Soy Braised Short Ribs
Soy Braised Short Ribs
Prep Time: 20 minutes (plus 45–60 mins for bringing meat to room temp)
Cook Time: 3 hours 45 minutes
Servings: 4-6 people
Ingredients
Soy braised short ribs
3 lbs bone-in short ribs (or boneless is fine)*
Kosher salt
Freshly ground black pepper
1-2 tbsp neutral oil or beef tallow
6-7 scallions
3 inch piece ginger, peeled and thinly sliced lengthwise
6 garlic cloves, smash and skin removed
1 celery stalk, diced
⅔ cup tamari or soy sauce
½ cup mirin
⅓ cup packed brown sugar
3 cups beef stock
1 bay leaf
1 star anise
2 tbsp water
2 tbsp cornstarch
To serve
Sesame seeds
Buttered Japanese sweet potato sushi rice (or regular rice)
Directions
Remove the short ribs from the fridge ~45 minutes to 1 hour before cooking. Pat the short ribs dry and season liberally with kosher salt and black pepper.
Separate the white stems and the green tops of the green onions. Roughly chop the white scallion stems. Thinly slice the green tops and set them aside for garnish.
Whisk together the tamari, mirin, and brown sugar. Set aside.
Heat a large bottom-heavy pot over high (I use a 6-8 qt dutch oven). Once hot, add the neutral oil and sear the short ribs in 2 batches, being careful not to overcrowd the pot. Sear the short ribs on all sides until a dark crust forms, around 10-12 minutes per batch.
Turn the heat off and remove the seared short rib onto a tray or plate. Carefully pour most of the fat in the pot into a heat proof bowl and set aside. There should be about 1 tbsp remaining in the pot.
Return the pot over medium heat and add the chopped celery and white parts of the green onion. Stir occasionally and cook for 5-7 minutes, until the celery and onions begin to turn translucent.
Add the ginger slices and smashed garlic and cook for an additional few minutes.
Pour in the tamari and mirin mixture and the beef stock. Add the bay leaf and star anise. Turn the heat to high and bring to a simmer.

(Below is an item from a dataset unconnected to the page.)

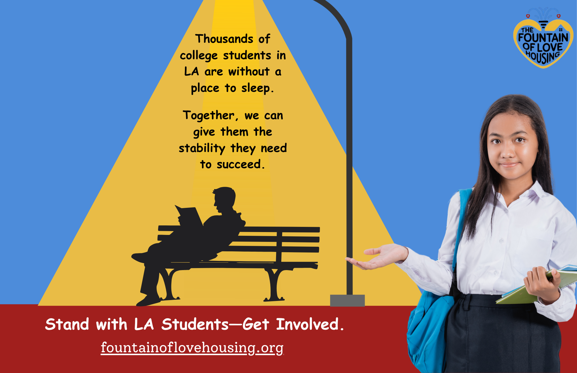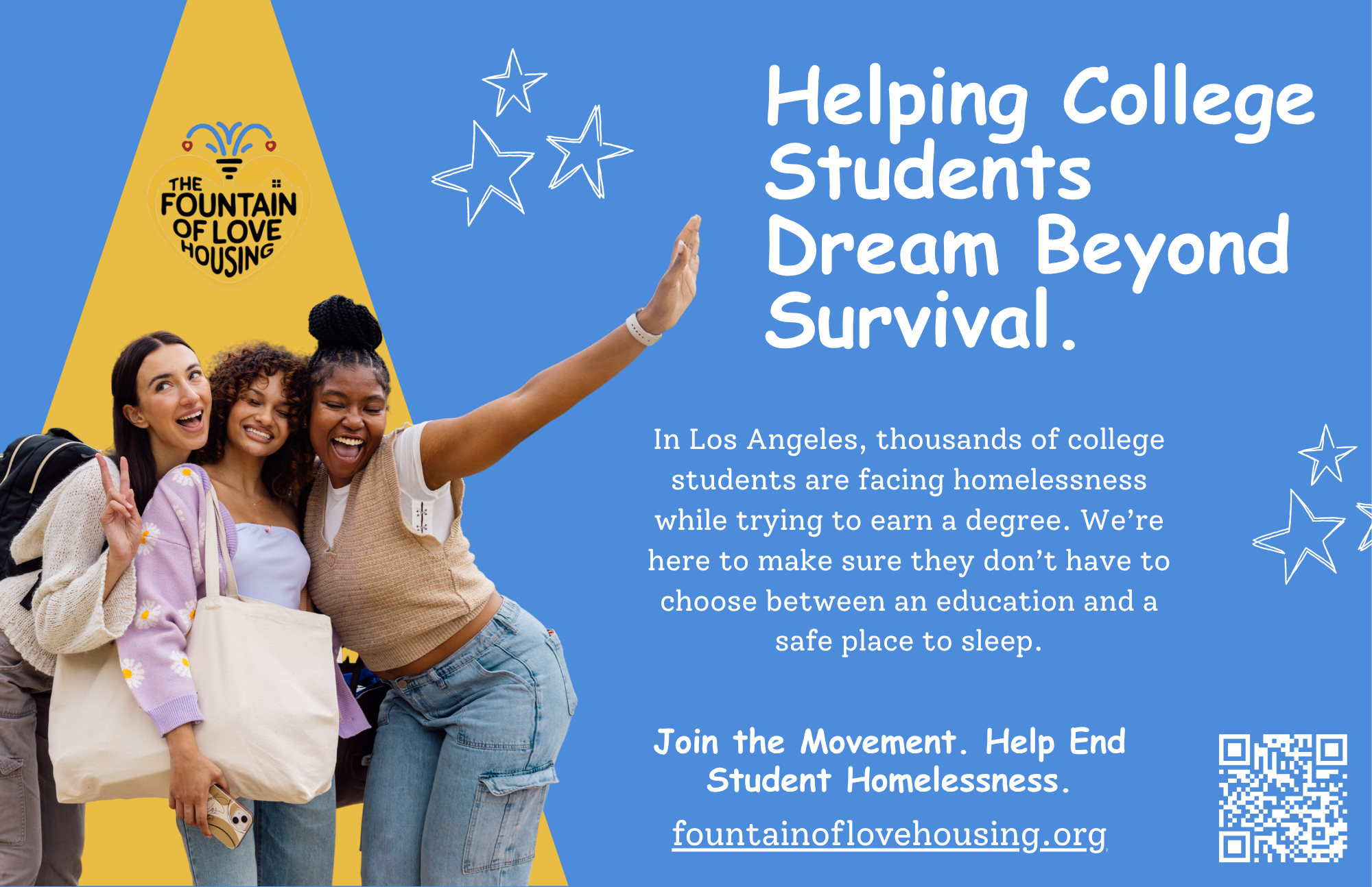 Join Fountain of Love Housing in giving these deserving students—including those who have proudly served our country—a chance to focus on their dreams, not just their survival. Together, we can provide hope and a pathway to a brighter future.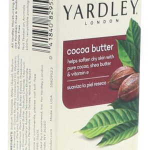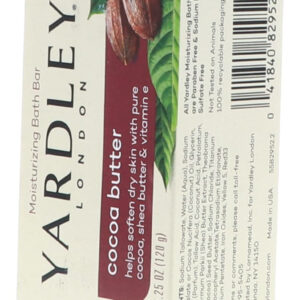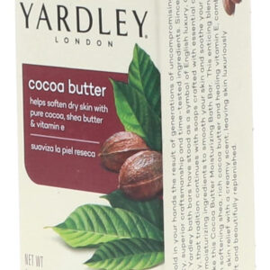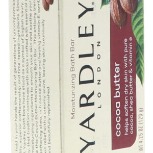 Sabonete em barra de manteiga de cacau puro e vitamina E Yardley London, 4,25 onças/120 g (pacote com 3) — Enriquecido com cacau puro, manteiga de karité e vitamina E — Delicioso aroma cremoso e espuma rica e luxuosa. Suaviza a pele seca – Deixa até mesmo a pele seca com uma sensação incrivelmente macia – Esta fórmula atraente com manteiga de karité e cacau e vitamina E combina o resgate da pele seca com um aroma rico e cremoso – Esta barra é muito rica e espumosa. É recomendado para uso diário. Armazene em local fresco e seco.

Add the seared short rib into the simmering liquid and turn the heat to low. Place a tight-fitting lid on the pot and simmer for 3 hours, until the meat easily comes apart with a fork and starts to release from the bone. Check in on the short ribs every hour and flip them/move them around to ensure even cooking.
Remove the short ribs onto a tray or plate, then carefully pour the braising liquid through a strainer into a bowl. Discard the aromatics.
Using a spoon or ladle, skim as much fat off the braising liquid as you can before returning the braising liquid to the pot.
Bring the braising liquid to a simmer over medium-high heat and allow to reduce for 10 minutes. Whisk together the cornstarch and water, and add the cornstarch slurry to the braising liquid.
Continue simmering until it begins to thicken, then add the short ribs back to the pot and cook for an additional minute or two. Remove from the heat.
Serve the soy braised short ribs over the Japanese sweet potato sushi rice. Garnish with sesame seeds and the thinly sliced green scallion tops.
*I almost always recommend bone-in English-cut short ribs. The bone adds an incredible depth of flavor and body to the braising liquid as it slowly releases marrow and collagen. If you choose boneless, they are easier to eat, but they can occasionally dry out faster, so keep a close eye on them around the 2.5-hour mark.